[[ RECORDED DATA, beginning ]]
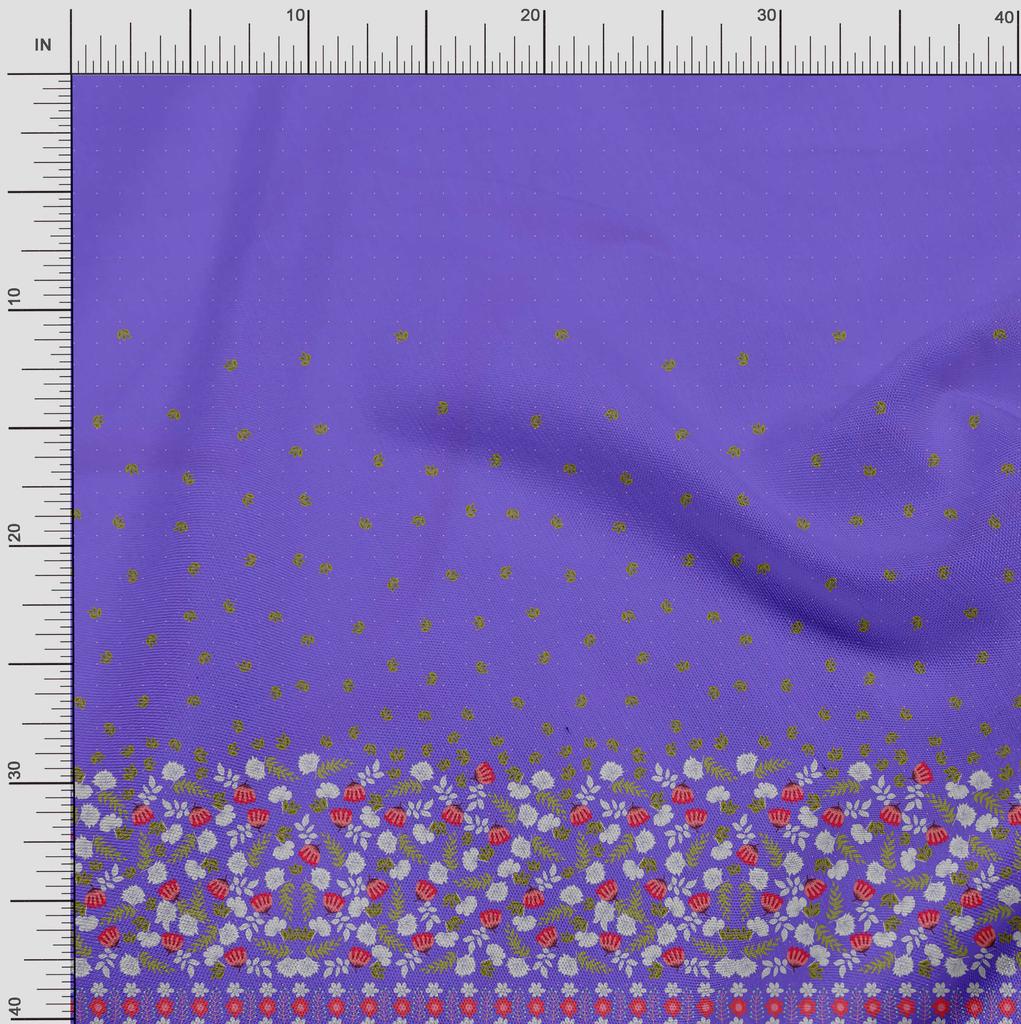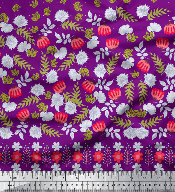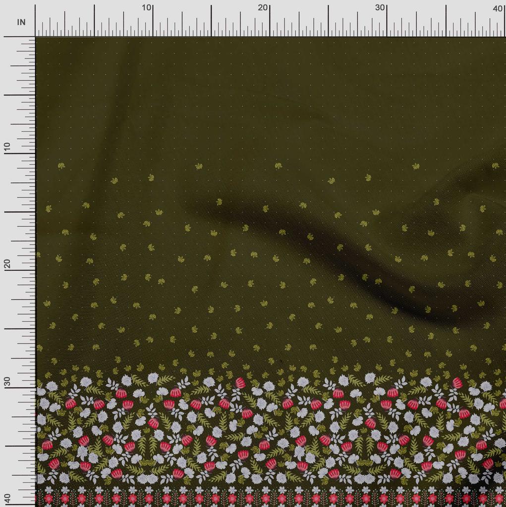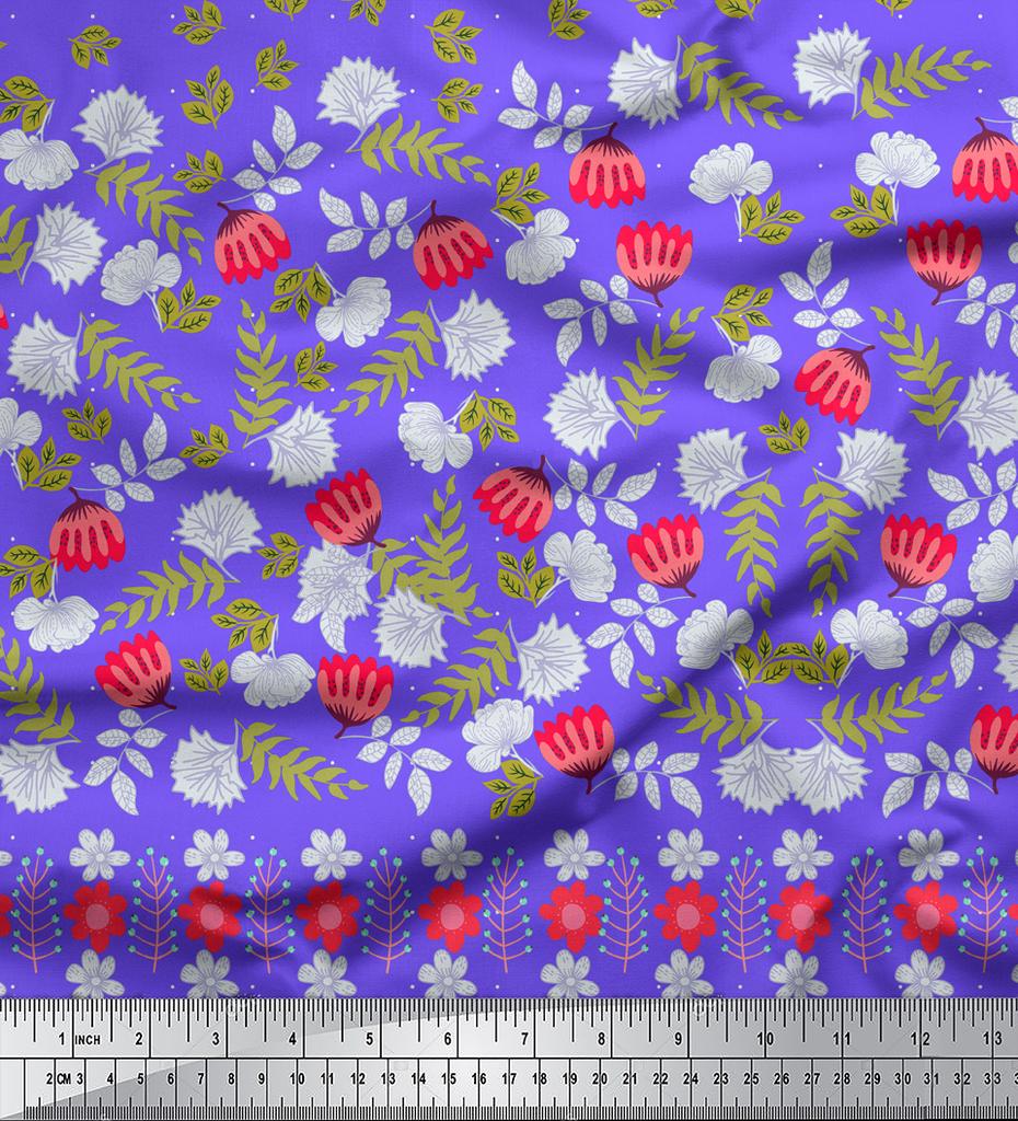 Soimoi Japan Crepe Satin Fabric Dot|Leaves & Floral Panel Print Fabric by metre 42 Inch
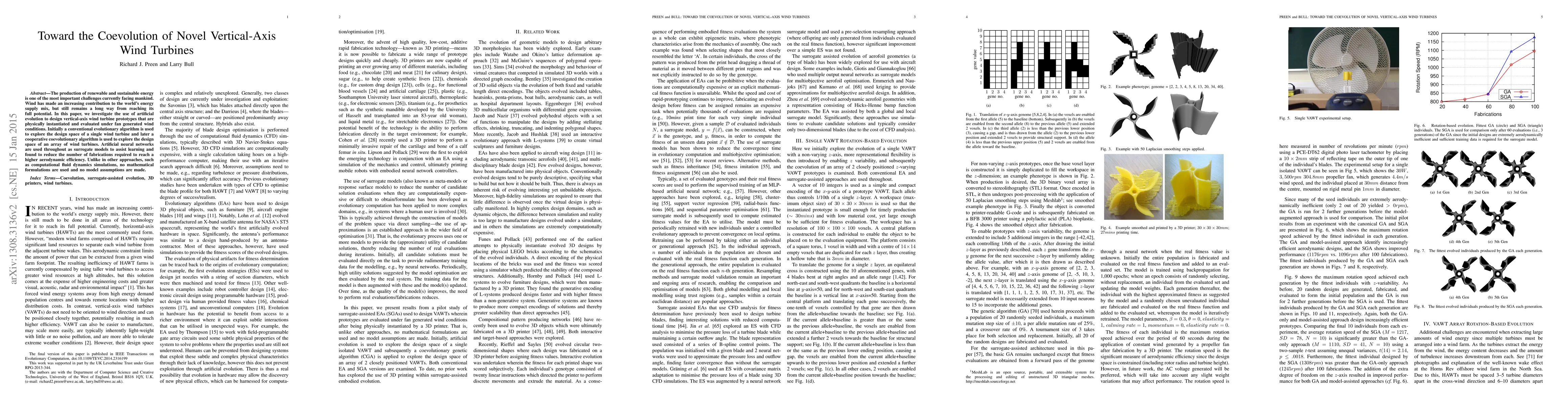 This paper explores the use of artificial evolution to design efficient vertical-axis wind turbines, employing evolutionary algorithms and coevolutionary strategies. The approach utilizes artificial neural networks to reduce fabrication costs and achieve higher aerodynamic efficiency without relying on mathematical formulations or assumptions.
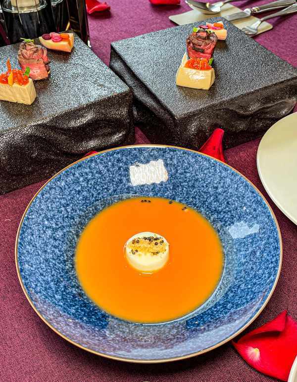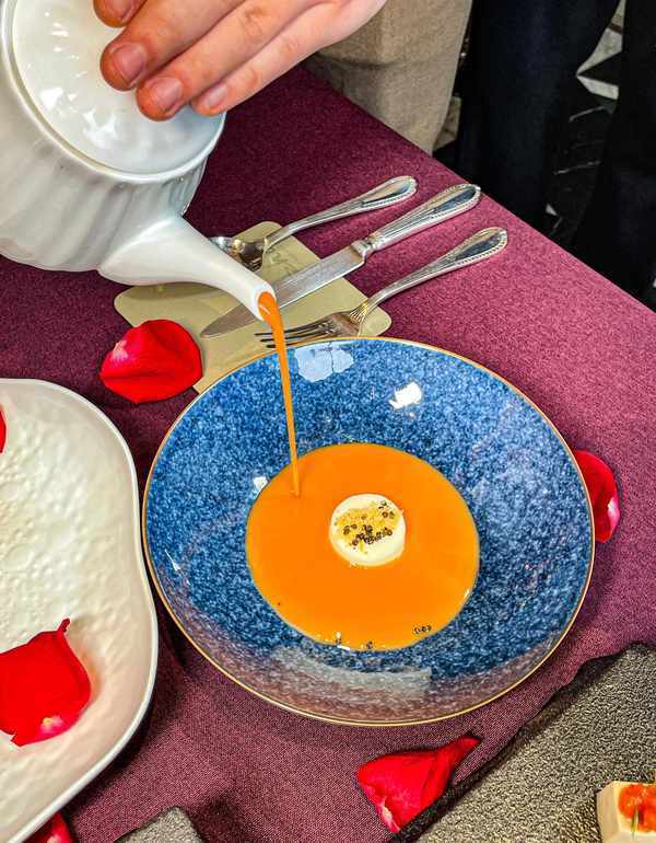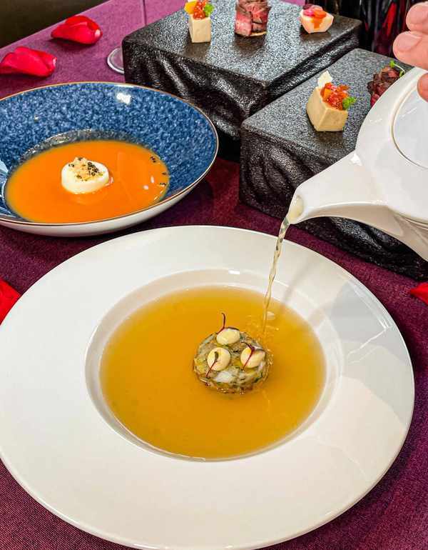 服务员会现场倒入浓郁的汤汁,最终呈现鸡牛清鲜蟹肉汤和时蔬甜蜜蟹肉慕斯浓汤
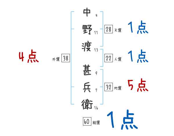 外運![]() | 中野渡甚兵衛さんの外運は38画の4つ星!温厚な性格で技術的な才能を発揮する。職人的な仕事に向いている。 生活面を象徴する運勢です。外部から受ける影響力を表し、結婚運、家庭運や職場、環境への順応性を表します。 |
[[ RECORDED DATA, end ]]
- **WORK INSTRUCTIONS**
Only the lines from the one containing "服务员会现场倒入浓郁的汤汁,最终呈现鸡牛清鲜蟹肉汤和时蔬甜蜜蟹肉慕斯浓汤" through the end of the listing above should be reproduced, exactly as they stand. Leave the pictures out.

- **EXERCISE RESPONSE**
 服务员会现场倒入浓郁的汤汁,最终呈现鸡牛清鲜蟹肉汤和时蔬甜蜜蟹肉慕斯浓汤
 外運![]() | 中野渡甚兵衛さんの外運は38画の4つ星!温厚な性格で技術的な才能を発揮する。職人的な仕事に向いている。 生活面を象徴する運勢です。外部から受ける影響力を表し、結婚運、家庭運や職場、環境への順応性を表します。 |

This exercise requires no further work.